Lets see what answers Hareem has for us here.

First of all my main goal is to make them ethical and free thinking human beings rather than a genious so everything they learn has moral values attatched to it.
I don't want them to separate from females as it is HIGHLY dangerous for their sexuality as I don't want them to be homos. Also on the other hand I want them to percieve female as princesses and they should respect them and they should not see them as just a sexual object.
The religious and ethical values will be instilled in them and when they go to college or anywhere in the world they'll be wise enough to choose the right path themselves inshaAllah.
And I agree humans are curious but do you really think that their curiousity can be satisfied with only answers?
One explicit answer will give birth to dozens of other questions.
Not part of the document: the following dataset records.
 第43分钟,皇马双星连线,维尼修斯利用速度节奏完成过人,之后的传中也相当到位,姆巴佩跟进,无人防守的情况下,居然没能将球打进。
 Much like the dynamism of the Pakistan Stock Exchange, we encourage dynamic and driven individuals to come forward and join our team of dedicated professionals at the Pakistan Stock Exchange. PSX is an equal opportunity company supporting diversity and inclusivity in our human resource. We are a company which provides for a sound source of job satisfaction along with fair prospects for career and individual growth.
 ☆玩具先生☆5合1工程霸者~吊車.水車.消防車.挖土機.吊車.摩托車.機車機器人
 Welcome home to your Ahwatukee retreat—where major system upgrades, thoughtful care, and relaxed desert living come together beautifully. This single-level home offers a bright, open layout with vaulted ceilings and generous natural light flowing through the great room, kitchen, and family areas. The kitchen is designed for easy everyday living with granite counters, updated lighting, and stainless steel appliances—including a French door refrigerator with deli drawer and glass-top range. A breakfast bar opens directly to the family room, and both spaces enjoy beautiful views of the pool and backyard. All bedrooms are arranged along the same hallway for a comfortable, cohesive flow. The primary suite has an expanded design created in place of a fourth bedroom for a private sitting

We have homeschooling clubs where parents and children get together.

They're not bad, they're different.

Oh now it's all sad and boring and this is because of homeschooling.

I'm off Ladies, I've got better things to do than to argue for the sake of arguing. See ya.
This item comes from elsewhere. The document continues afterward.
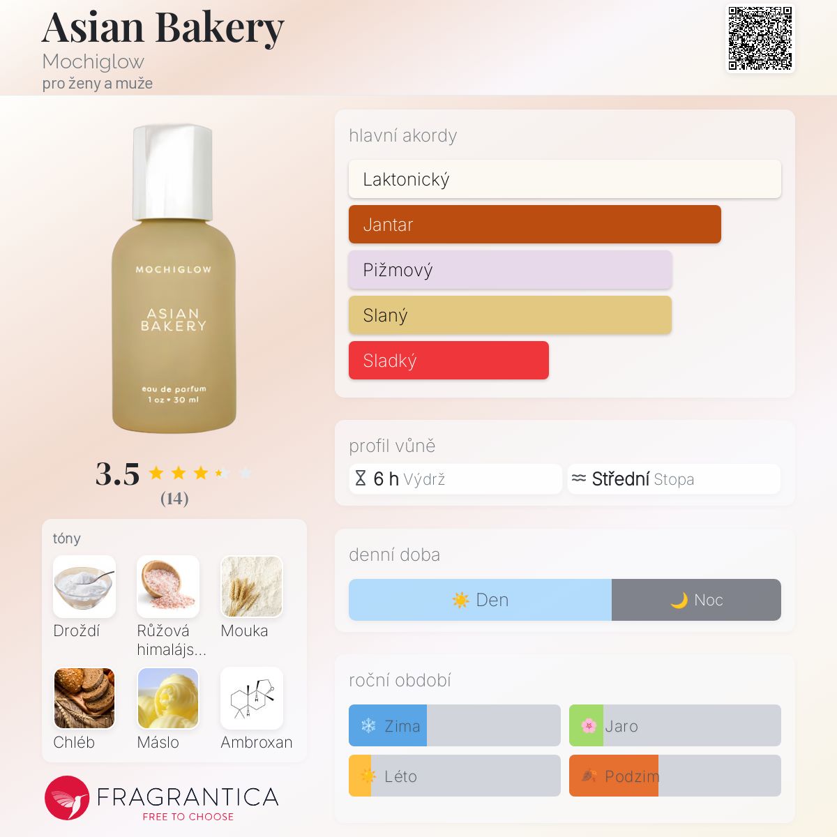 Asian Bakery podle Mochiglow je vůně pro ženy a muže. Asian Bakery byl/a uveden/a v roce 2023. "Nosem" za touto vůní je Jenny Chang. Vrchní tóny jsou Růžová himalájská mořská sůl a Máslo; střední tóny jsouMouka, Čerstvá smetana a Mléko ; základní tóny jsou Droždí, Chléb a Ambroxan.
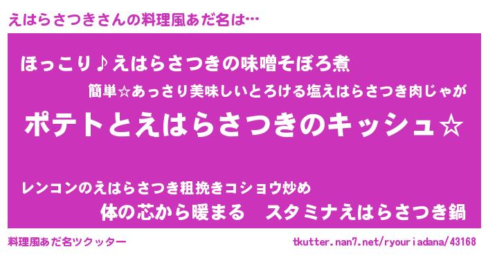 | 男性向けラノベタイトル風あだ名 | 『えはらさつきの嫁は女の子じゃないと思った?』 |

Re: What to tell the littles

hareem what made it sad and boring was the off topic-ness and the vibe that homeschooled kids somehow are better than kids who go to schools. Lets hope i am not starting another discussion on , yes they really are better! For me its all about to each their own.

Re: What to tell the littles

I agree Ira....Hareem may not have meant to project that attitude but it showed clearly (to me anyway). Like the whole thing would NEVER have happened to HER kids lol! But when you have a parent with this kind of superior and seclusionist attitude, it can be a recipe for disaster when those kids grow up. Not to say that Hareem is like that in "real" life but it seems that way here. Hareem, you are seriously mistaken if you think that this could never happen with your kids or that if you supply insufficient answers that your kids would never seek out the answers elsewhere. They WILL seek and they WILL find no matter how carefully you seclude them.

Hareem, (just in case you happen to return here) ... you said "And I agree humans are curious but do you really think that their curiousity can be satisfied with only answers?"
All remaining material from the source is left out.